LEGO’s new sustainable plastic plants are made from plants, but are they green?

From August 1 2018, LEGO will begin distribution of the company’s first set of sustainable bricks, “Plants from Plants”, in the form of botanical elements, such as trees, bushes and leaves. Announced on March 1, 2018, these new elements will be made from sugarcane-based polyethylene.

This new era of production marks the beginning of the Danish company’s commitment to replacing current oil-based plastics with sustainable materials in core products and packaging by 2030.

fake plastic trees
Image: The LEGO Group (2018)

The rub here is that only 1%-2% of all LEGO materials are made from polyethylene.
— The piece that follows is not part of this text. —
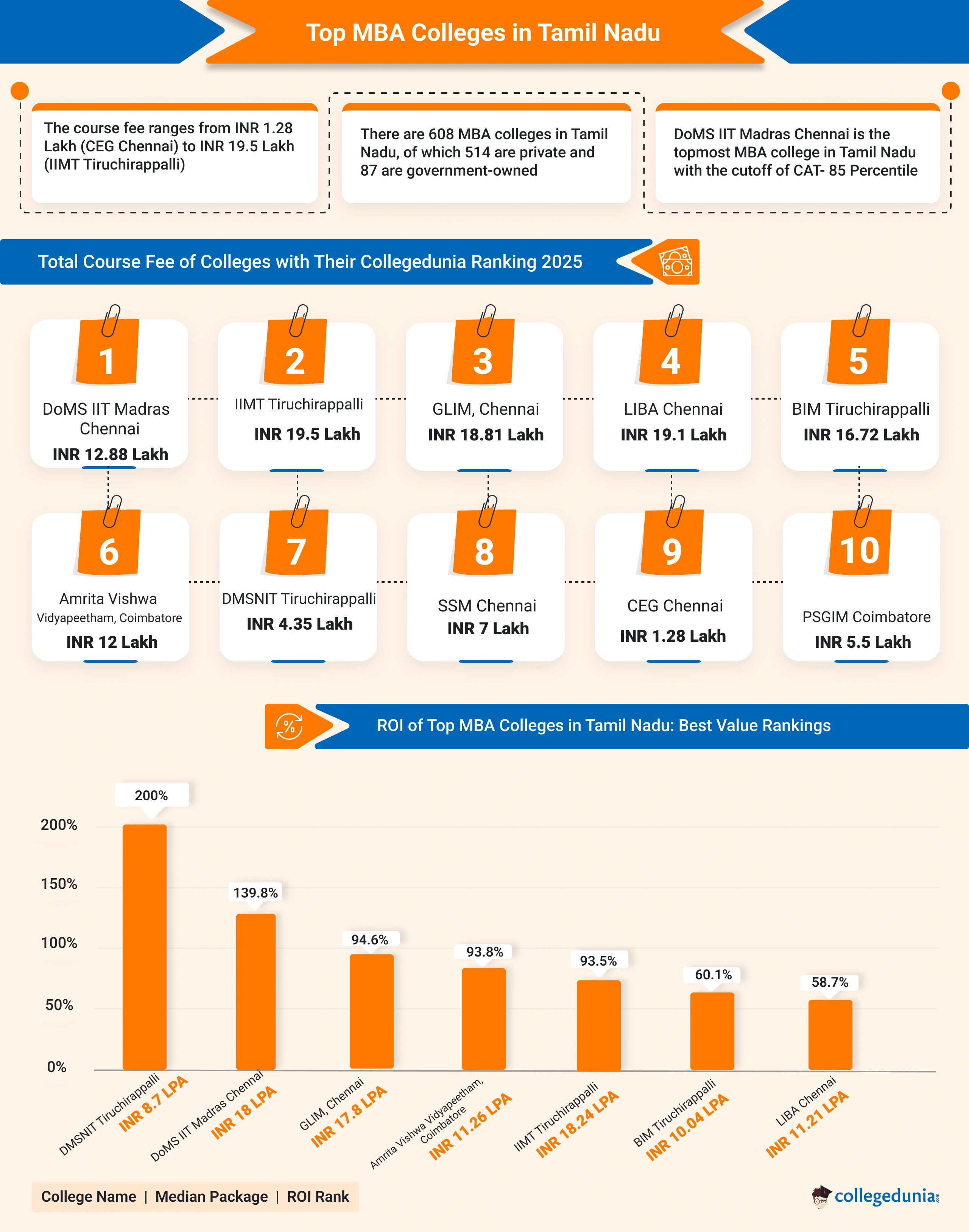 - The total fee for MBA colleges in Tamil Nadu ranges from INR 1.28 Lakh (CEG Chennai) to INR 19.5 Lakh (IIM Trichy).

Much of company’s products, such as their quintessential bricks, are manufactured from ABS (acrylonitrile butadiene styrene) plastic, to which The LEGO Group have not found a satisfactory replacement as of yet.

Sustainable Materials

Sustainable materials are those which are renewable and that provide environmental benefits, whilst protecting public health throughout their life cycle.

Current oil-based plastics are not considered sustainable due to the crude oil’s non-renewability and the processing of which is a major producer of greenhouse gasses (GHGs), such as CO2, which contribute significantly to global climate change.

The switch from fossil fuels to sustainable plant-based production of plastics therefore must be inherently better for the environment and, in turn, human health. Or is it?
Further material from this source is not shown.